In de barok gaan ze dus uitbundiger te werk, er komen meer details en er wordt veel versierd. Kijk bijvoorbeeld naar Rome. Tijdens de barok wordt Rome steeds mooier, zo wordt onder andere de Trevifontein ontworpen door Gianlorenzo Bernini. De kunstenaars lijken geen grenzen te kennen, ook gebruiken ze regelmatig marmer en dat spreekt aan.
In de maatschappij zijn er ook een aantal veranderingen. Zo is in de Renaissance het humanisme belangrijk. De boekdrukkunst wordt ontdekt, buskruit en ook het kompas voor ontdekkingsreizen. Tevens ontstaan er staten en handel.
In de barok willen ze veel indruk maken, propagandastijl. Kijk bijvoorbeeld naar de katholieke kerk en de absolute macht, Lodewijk XIV. In deze periode wordt het theater ontdekt.
Persoon
Op jonge leeftijd werd Bernini al erkend. Hij werd opgemerkt door Scipione Borghese. Borghese heeft onder andere meegedragen aan de carrière van Bernini. Bernini domineerde de 17e eeuw zo erg dat het nog steeds meesterwerken zijn.
Gianlorenzo Bernini was geboren in Napel in 1598. In 1605 verhuisde hij naar Rome met zijn familie, hij heeft hier geleefd tot zijn dood in 1680. Zijn vader was Pietro Bernini, hij was ook een beeldhouwer en heeft Bernini geïnspireerd. Al in zijn jeugd was hij veel bezig met het bestuderen van antieke beeldhouwwerken.
Toen Bernini zestien was heeft hij zijn eerste opdracht voor familie Borghese gemaakt en op latere leeftijd is hij door Louis XIV uitgenodigd het Louvre te herontwerpen. In deze periode heeft hij echter niet in Rome geleefd.
Bernini overleed in 1680 op 28 november in Rome en is begraven in de Basiliek van Santa Maria Maggiore.
Specifiek
De personen in het marmeren beeld zijn Pluto en Proserpina, de hond is Cerberus.

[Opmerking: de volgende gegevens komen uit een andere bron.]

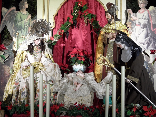 Figuras del Misterio de José Ángel Oviedo (20 cm) con otras de primer plano de José Joaquín Pérez (20 cm) y en segundo plano, figuras de José Luis Mayo (14 cm), para una obra de unas dimensiones de 1,50 x 1,20 m.

Pluto is de god van de onderwereld, Proserpina is de godin van de bloemen en de koningin van de onderwereld en Cerberus is de bewaker van de onderwereld. Pluto ontvoerde Proserpina naar de onderwereld. Hier moest ze zes granaatappelpitten eten en dat betekende dat ze zes maanden in de onderwereld moest blijven. Haar moeder Ceres was hier heel verdrietig over en liet daarom de oogst mislukken, want ze was immers de godin van de akkerbouw. Ook gingen alle bloemen dood. Maar na zes maanden komt Proserpina weer naar boven en gaat alles bloeien. Dit was ook de uitleg voor de seizoenen.
Het verhaal is ook nog te zien als een wedergeboorte. Dit komt omdat Proserpina jaarlijks terugkeert uit de onderwereld. Naast deze twee verklaringen wordt het verhaal ook geïnterpreteerd als een verhaal over liefde, verkrachting, verloren onschuld en vruchtbaarheid, maar dat was oorspronkelijk niet de bedoeling.